No so, Healey countered in her reply brief. She notes that state education reform “is grounded in the nexus between academic standards and the mechanisms for assessing progress toward achieving those same standards.”

“The plaintiffs fail to acknowledge this fundamental relationship between curriculum standards and diagnostic testing, allowing only that both ‘may fall under the general field of public education,’” Healey added.

“Curriculum and assessment are inextricably coupled”

The state in 2010 adopted Common Core educational standards — the petition asks voters to rescind that decision. The petition also asks voters to amend state education laws governing how the Board of Education directs the education commissioner to institute the overall teaching and curriculum process — it would add a section whereby the process includes committees “made up exclusively of public school teachers and academics from private and public colleges and universities established and operated in Massachusetts.”

In addition, the petition calls for establishing three “review committees” — one each for math, science and technology and English. Under the proposal, new frameworks — such as the standards the state adopted in 2010 — cannot be approved without a two-thirds approval from each respective committee.

Lastly, the petition directs the education commissioner to “release all of the test items, including questions, constructed responses and essays, for each grade and every subject.”

The plaintiffs claim in their brief, however, that “diagnostic assessments” — or testing — fails to share a “common purpose” with education curriculum framework.

“Section 1 through Section 3 arguably relate to the adoption and creation of educational standards and curriculum frameworks, including an effort to reject a specific curriculum framework, the Common Core,” the brief states. “In contrast, Section 4 relates to the logistics surrounding the public release of test questions, model answers, and other diagnostic assessment materials.”

In her filing, Healey disagreed.

“The twin educational facets of curriculum and assessment are inextricably coupled: assessments exist to measure the extent to which students are learning and school are teaching the material, concepts and strategies set forth in the academic standards,” Healey wrote.

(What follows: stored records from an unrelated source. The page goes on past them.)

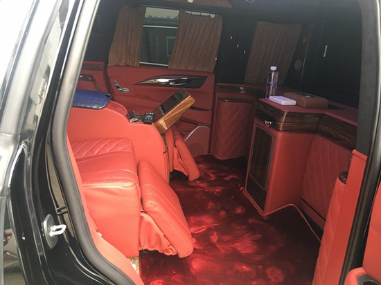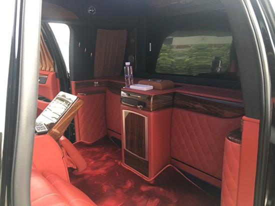 18款总统一号商务车内饰的设计绝对是奢华至知,奢华敢为,整体的主题效果贯穿其中,仪表盘、触摸屏、多功能方向盘以及三种不同风格的木饰搭配,绝对是吸睛手笔,内部配备了真皮桃木内饰,高级地毯,高级豪华的异域吧台,带来梦一般的境界,用料考究,凯迪拉克加长总统一号顶级真皮面料搭配实木材质,出自名家手工的工艺工序,艺术品的称号当之无愧。
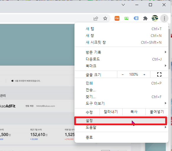 위에서 [더보기]부분을 클릭하셔다면, 다음과 같이 추가 메뉴가 나타날 것입니다. 여기에서 하단에 있는 [설정]부분을 클릭해주시길 바랍니다.
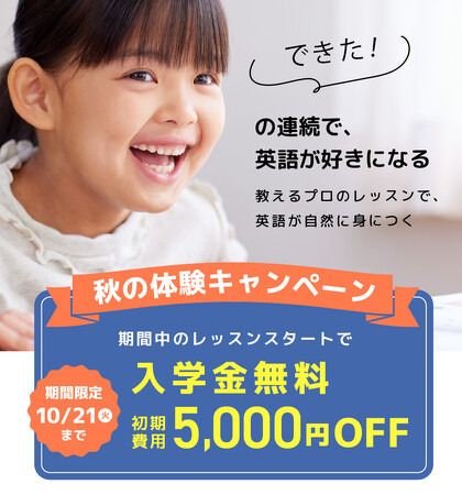 シェーン英会話では、2025年10月1日(水)から10月21日(火)まで、お得なキャンペーンを実施中です。期間中にシェーン英会話にご入学いただき、レッスンをスタートした方は、以下の特典が受けられます。【特典1.】

She further noted that the plaintiffs “prefer to read Section 1 (of the petition) in strict isolation.”

“A reasonable voter could believe that reversing the board’s vote and restoring the prior frameworks would operate alongside the proposed law’s new procedures to change the way curriculum frameworks are developed in Massachusetts,” Healey added.

RELATED: Ed board backs MCAS 2.0 plan for new standardized tests 

Kevin C. Conroy, the lead attorney representing the plaintiffs, did not immediately respond to a message requesting comment.

According to a footnote in Healey’s brief, Secretary of State William Galvin — also a defendant in the complaint — is requesting that the court issue an order by July “due to printing deadlines for the Information for Voters Guide.”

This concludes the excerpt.